WHAT YOU ARE ASKED TO DO | Entries below include pictures. Output exactly the lines from the one with "把學(xué)習(xí)宣傳" down to the one with "Notatka: Stanowisko oddalone", both ends included, and leave the pictures out.

THE RECORDS |
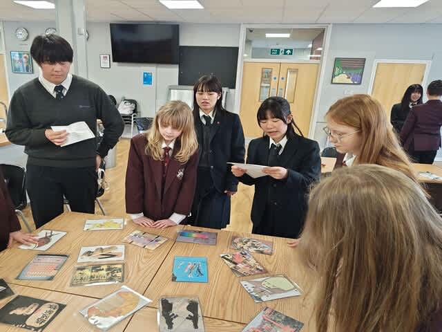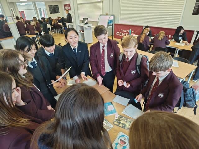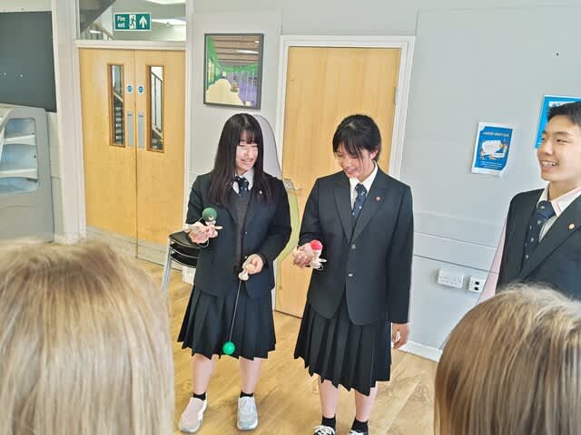 山梨県立日川高等学校 > 国際交流 > 令和5年度 英国語学研修 7日目 2024年3月22日カテゴリー: 国際交流 令和5年度 英国語学研修 7日目 3月21日(木) 英国語学研修7日目 英語研修・KLB校授業4日目 昨日はbirthday party に参加したり、サッカーの練習に参加したり、 お菓子作りをしたりして楽しみました。 自分で日本食を作ってホストファミリーに振舞った生徒もいました。 ホストファミリーとの生活も順調に進んでいます。 午前中はCivic Centre で3時間の英語研修です。 旅行の時の様々な表現方法や料理のレシピなど、 実際の生活に必要となる事柄を中心に学習しています。 こちらはアフタヌーンティーの時間・・・・・いや、 午前中のお茶の時間の様子です。朝の学習や仕事が一段落した頃に リフレッシュとしてお茶やお菓子を食べる習慣があるそうです。 ぜひ本格的なアフタヌーンティーも経験したいですね。 終了後KLB校に戻り、Year10(14~15歳)の生徒の日本語の授業に参加しました。 日本と英語の早口言葉をお互いにしゃべりあうとても楽しい時間でした。 午後はYear7(11~12歳)の生徒のJapaneseの授業に参加しました。 火曜日の授業と同じ流れでKLB生の自己紹介(日本語)と 3種類の日本の伝統文化(折り紙、カルタ、けん玉)を紹介しました。 2度目の紹介であり、英語に慣れてきたということもあり、 スムーズにわかりやすく、今まで以上にフレンドリーに、 どの生徒も生き生きと取り組むことができました。さすが日川高校生です。 KLB校の教室の一つに、日川高校が紹介されていました。 25年続く日川高校との関係を見ることができました。 これからも今まで以上に交流が深まってもらいたいと思います。
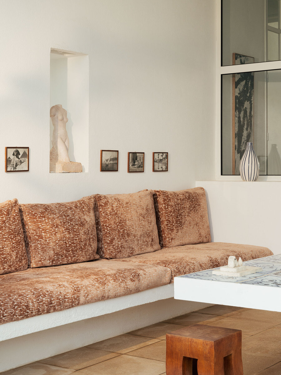 ARLES is a velvet woven in Belgium with a weft thread of bouclé yarn. Its stone-washed finishing roughens the pile to lend a shabby–chic look.
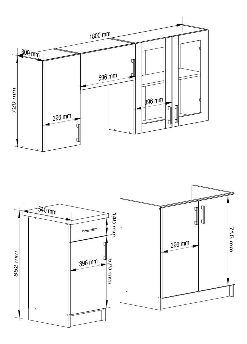 Kuchyňská sestava 180 cm Lula TYP1 C (bílá + dub sonoma)
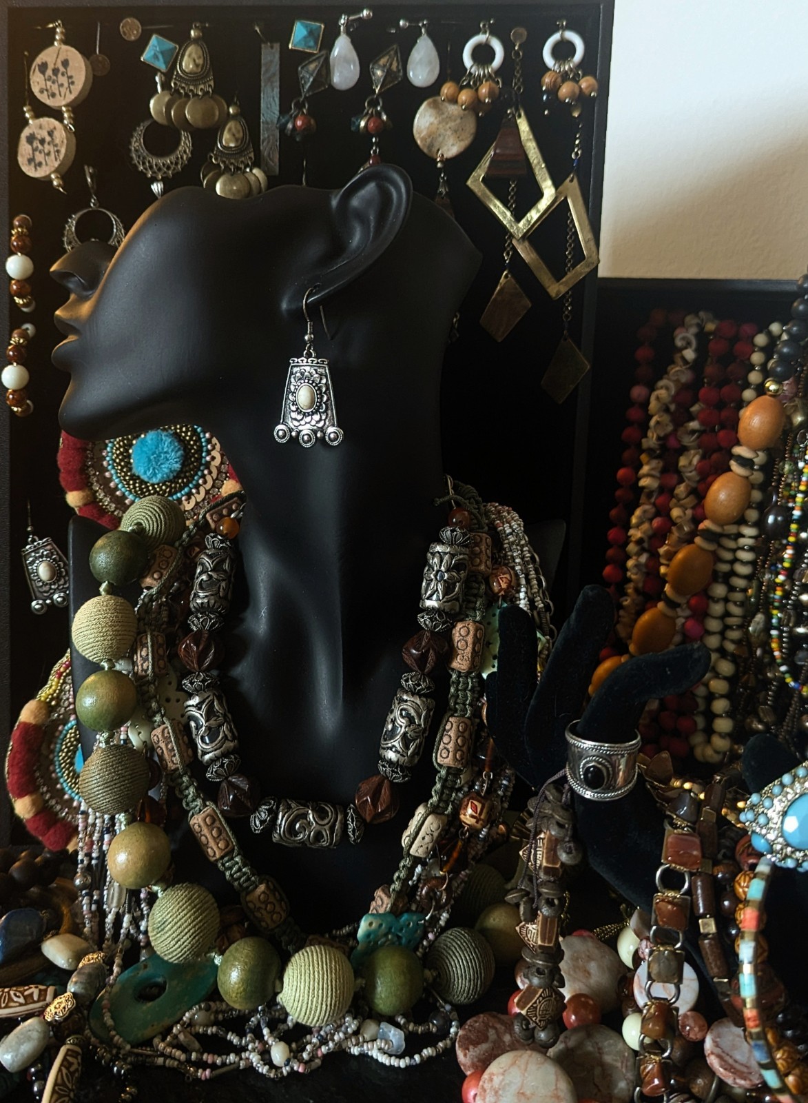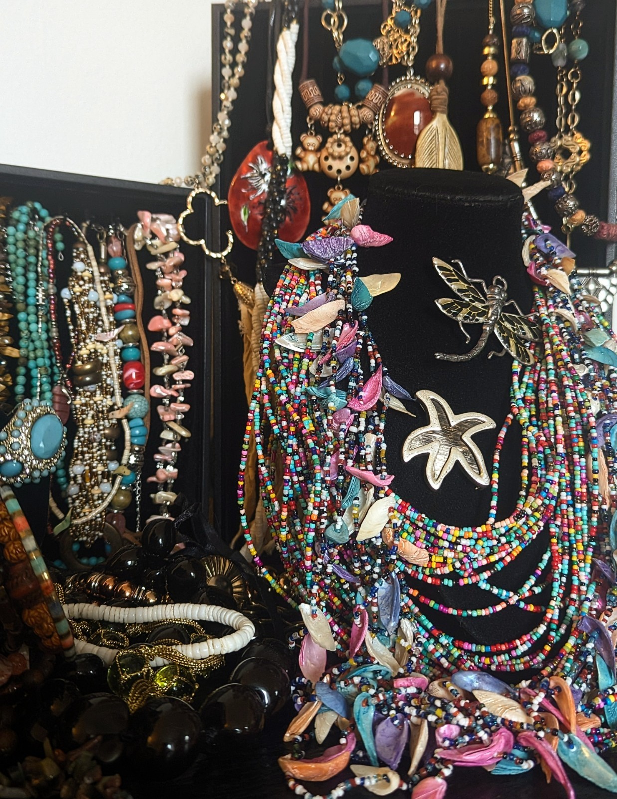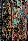 84 pieces of vintage artisan & southwestern boho jewelry: NECKLACES: 37 -4 pendants, non-adjustable -3 barel screw clasps -8 lobster clasps, adjustable -5 lobster clasp, non-adjustable -2 spring ring clasps, non-adjustable -6 continuous/rope necklaces (no clasp) -3 hook clasps, non-adjustable -1 adjustable hook clasp, but it's missing the hook (will need repaired) -2 ball & eye closures -3 tie on necklaces BRACELETS: 24 -15 stretch -4 bangles -2 adjustable *one of which may need restrung or repurposed -3 clasps *two measuring at 7" open, and the other at 9" EARRINGS: 18 -hooks, 11 *one pair is missing a hook and will need repaired -screw back, 1 -clip on, 2 -push back post, 3 -wire hoop, 1 RINGS: 2 -blue adjustable, size 7+ -silver is size 7 BELT: 1 adjustable *from hook to first loop, approx. 23" *hook to last loop, approx. 37" Brooches: 2 -dragonfly, 3" x 2.5" -starfish, 2" x 2" Feel free to message me with any questions! *jewelry will need cleaned prior to wearing *all items sold as is *set and display materials not included
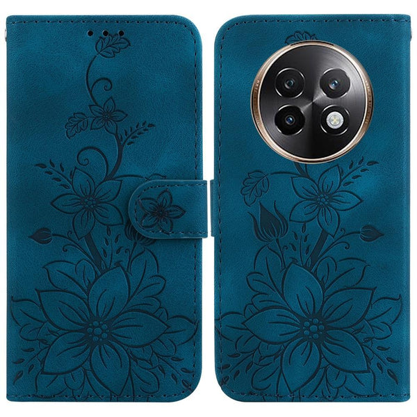 For Realme 13+ Global Lily Embossed Leather Phone Case(Dark Blue)
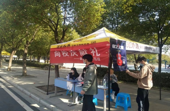 曲艺大赛摆点宣传活动中部委值班采取轮流站班的形式,五至六人一班,每过一小时换班值日,摆点值班部委的任务就是负责对曲艺大赛信息进行宣传,并且对感兴趣的同学介绍相关内容和比赛机制,再收集有参赛意向的同学的联系方式,方便后期咨询。可刚开始摆点的现实中的情况,远不如初期规划那般顺利,不断地碰壁,不断地遭受拒绝,让部委们有些气馁。但在短暂休息过后,大家又继续地穿行在下课的人流中,把握着课间,为的就是不遗漏才艺双全的学生为校庆献艺献礼。
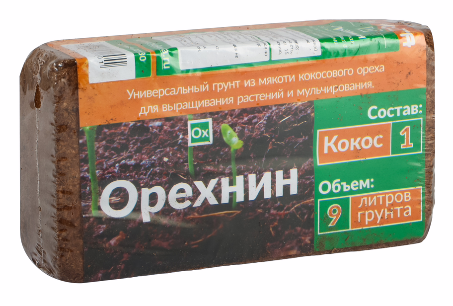Орехнин – это экологически чистый материал, предназначенный для обогащения почвы и выращивания растений. Сделан из 100% натуральной мякоти кокосового ореха. В отличии от торфа он не содержит вредных микроорганизмов, тяжелых элементов и вредных веществ.
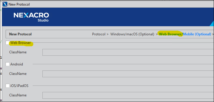 1. nexacro studioのNew Protocol Wizard画面にて、「HTML5」で表示されていた項目名を「Web Browser」に変更しました。(RP 92601)
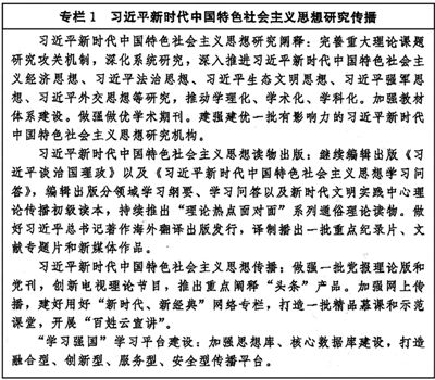 把學(xué)習(xí)宣傳貫徹習(xí)近平新時代中國特色社會主義思想作為長期重大政治任務(wù),完善持續(xù)深入學(xué)習(xí)的常態(tài)化長效化機制,健全用黨的創(chuàng)新理論武裝全黨、教育人民的工作體系。編輯出版習(xí)近平總書記系列重要著作。加強對習(xí)近平新時代中國特色社會主義思想整體性系統(tǒng)性研究、學(xué)理性闡釋和學(xué)科性建設(shè),加強對實現(xiàn)馬克思主義中國化新的飛躍的重大原創(chuàng)性貢獻的研究闡釋宣傳。持續(xù)開展中國特色社會主義和中國夢宣傳教育。完善黨委(黨組)理論學(xué)習(xí)中心組等各層級學(xué)習(xí)制度,組織開展列席旁聽和督促檢查。持續(xù)開展黨員大規(guī)模輪訓(xùn)。綜合運用全媒體方式、大眾化語言、藝術(shù)化形式,結(jié)合黨治國理政的生動實踐和歷史性成就,全方位、多層次開展對象化、分眾化、互動化理論宣傳普及。創(chuàng)新高等學(xué)校思政課內(nèi)容和方式,鼓勵文化名家講思政課,打造思政精品課程,推動黨的創(chuàng)新理論進教材、進課堂、進學(xué)生頭腦。(見專欄1)
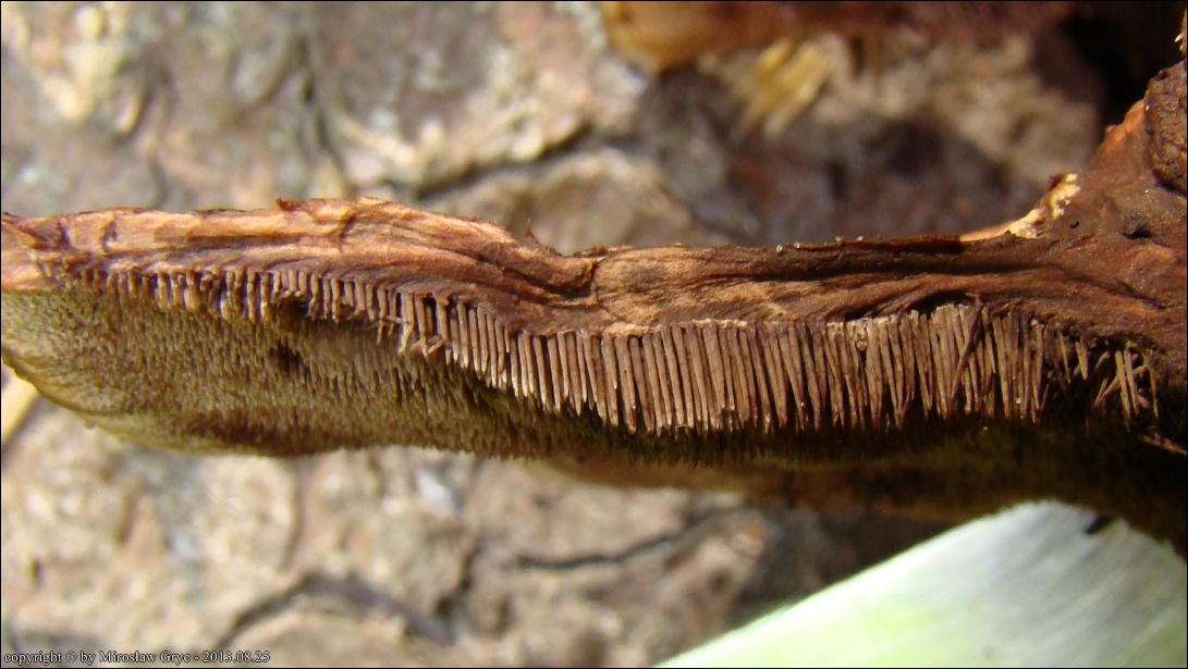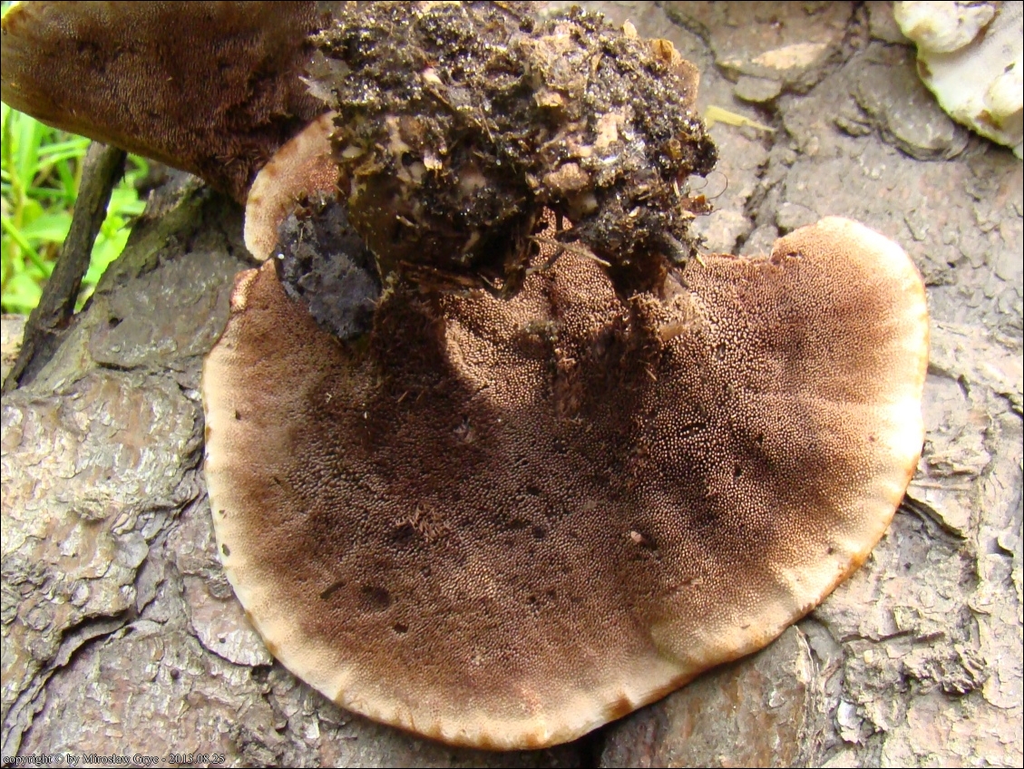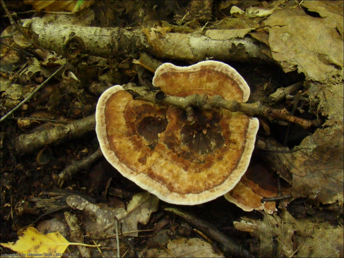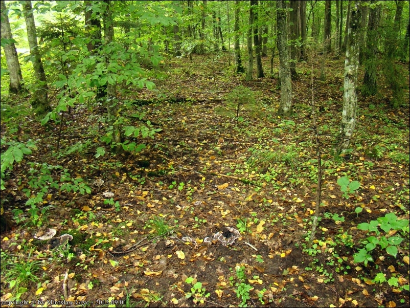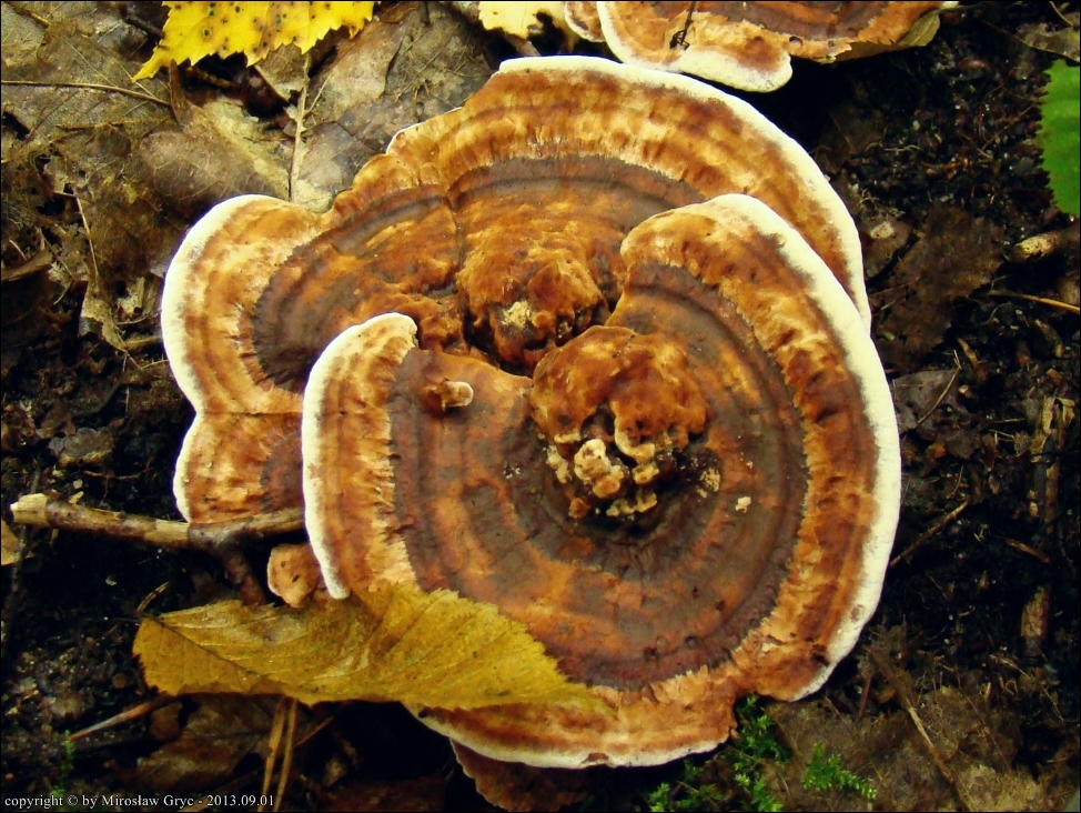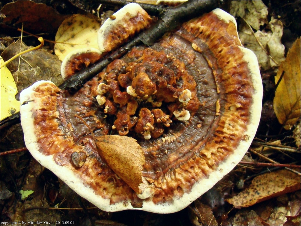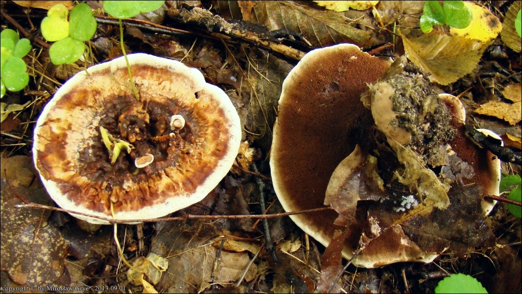 Notatka: Stanowisko oddalone od spotkanego poprzednio w tym rejonie (tj. 2013.08.25) o około 1 km. Drzewostan mieszany: grab, rzadziej świerk, brzoza, topola. Sytuacja analogiczna jak w poprzednim przypadku, owocniki wyrastały w czarcim kręgu wraz z Phellodon confluens.
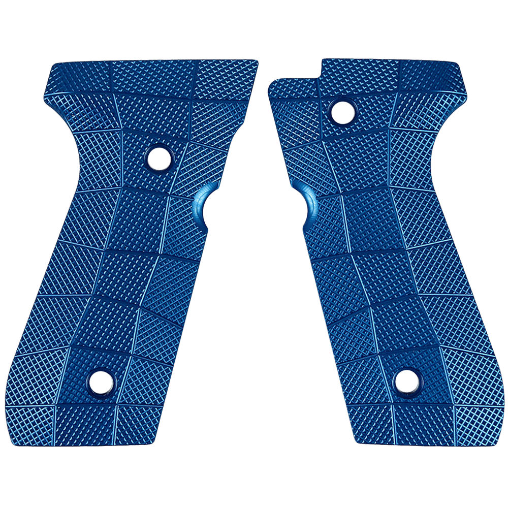 These Beretta 92 thin grips are CNC machined from solid 6061 Aluminum, anodized in a striking blue, and feature the aggressive GridLOK texture for increased performance and stability.
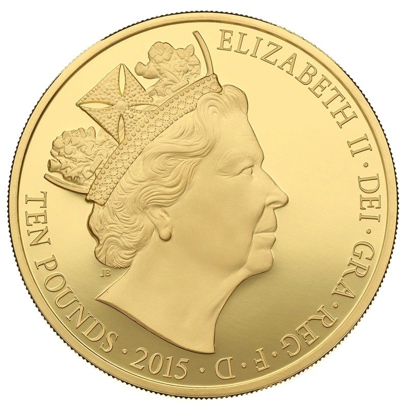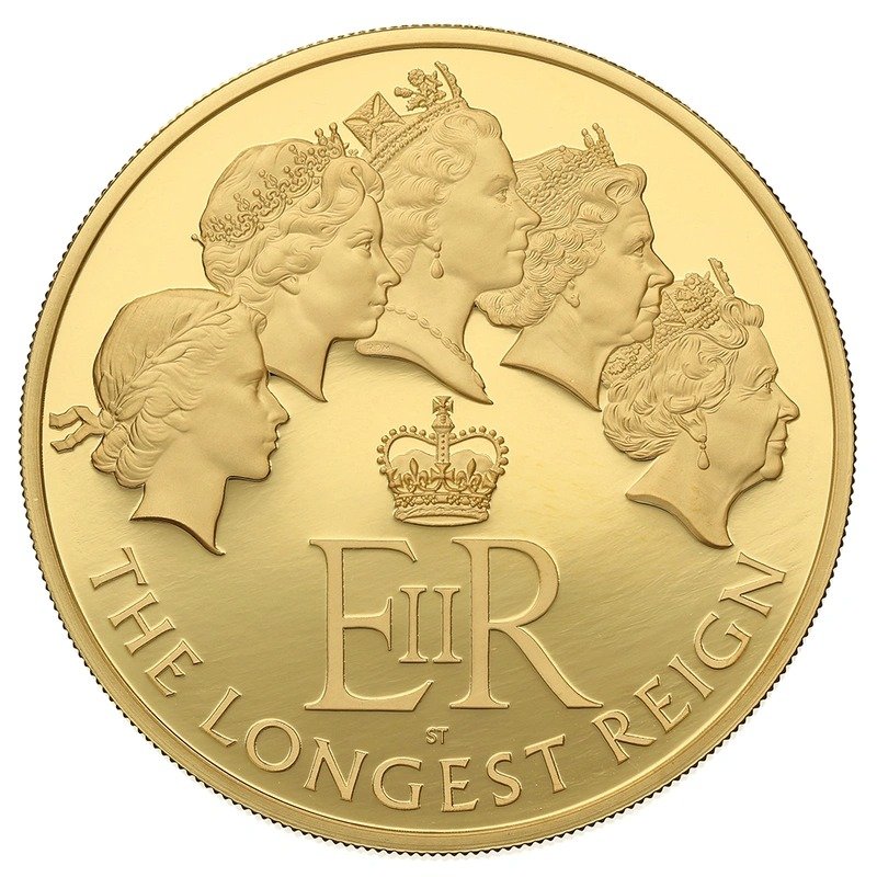 This 5oz £10 Pound Gold Proof coin, issued in 2015, celebrates Queen Elizabeth II achieving the record of longest reigning Monarch – surpassing the previous record held by Queen Victoria.
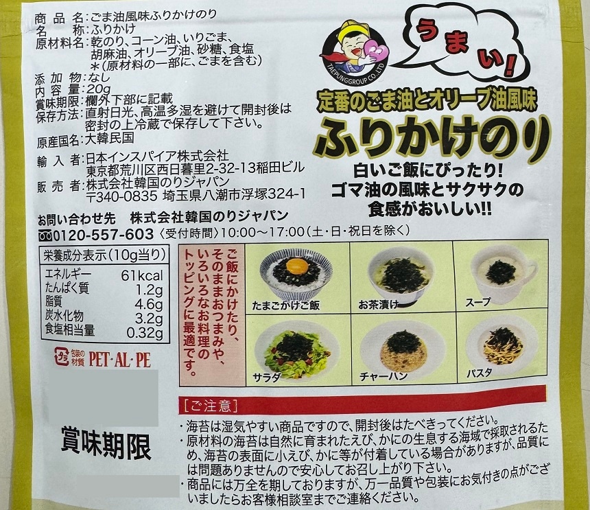 [30袋]韓国のりジャパン ごま油風味ふりかけのり 20g | 韓国定番の味
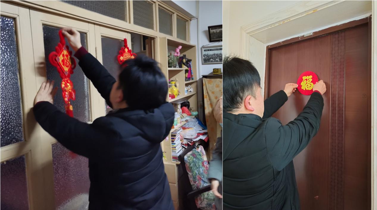 每到一位老师家中,院领导贴福字、挂中国结,营造浓浓的节日氛围。在亲切交谈中,详细询问他们的身体和生活情况,并听取他们对学院高质量发展的意见建议。
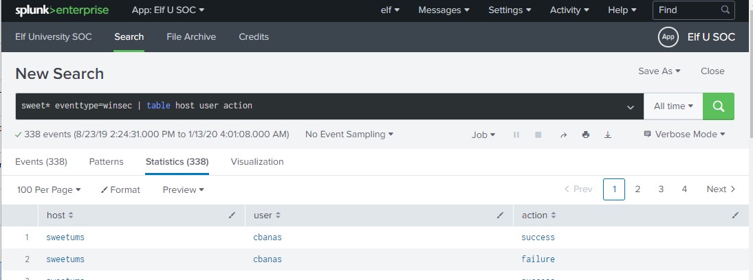 So the answer for the first Training Question, What is the short host name of Professor Banasâ computer?, can be answer by looking in Splunk for the hostname sweetums and see what users are related to it.

SOLUTION TO THE PROBLEM |
 把學(xué)習(xí)宣傳貫徹習(xí)近平新時代中國特色社會主義思想作為長期重大政治任務(wù),完善持續(xù)深入學(xué)習(xí)的常態(tài)化長效化機制,健全用黨的創(chuàng)新理論武裝全黨、教育人民的工作體系。編輯出版習(xí)近平總書記系列重要著作。加強對習(xí)近平新時代中國特色社會主義思想整體性系統(tǒng)性研究、學(xué)理性闡釋和學(xué)科性建設(shè),加強對實現(xiàn)馬克思主義中國化新的飛躍的重大原創(chuàng)性貢獻的研究闡釋宣傳。持續(xù)開展中國特色社會主義和中國夢宣傳教育。完善黨委(黨組)理論學(xué)習(xí)中心組等各層級學(xué)習(xí)制度,組織開展列席旁聽和督促檢查。持續(xù)開展黨員大規(guī)模輪訓(xùn)。綜合運用全媒體方式、大眾化語言、藝術(shù)化形式,結(jié)合黨治國理政的生動實踐和歷史性成就,全方位、多層次開展對象化、分眾化、互動化理論宣傳普及。創(chuàng)新高等學(xué)校思政課內(nèi)容和方式,鼓勵文化名家講思政課,打造思政精品課程,推動黨的創(chuàng)新理論進教材、進課堂、進學(xué)生頭腦。(見專欄1)
 Notatka: Stanowisko oddalone od spotkanego poprzednio w tym rejonie (tj. 2013.08.25) o około 1 km. Drzewostan mieszany: grab, rzadziej świerk, brzoza, topola. Sytuacja analogiczna jak w poprzednim przypadku, owocniki wyrastały w czarcim kręgu wraz z Phellodon confluens.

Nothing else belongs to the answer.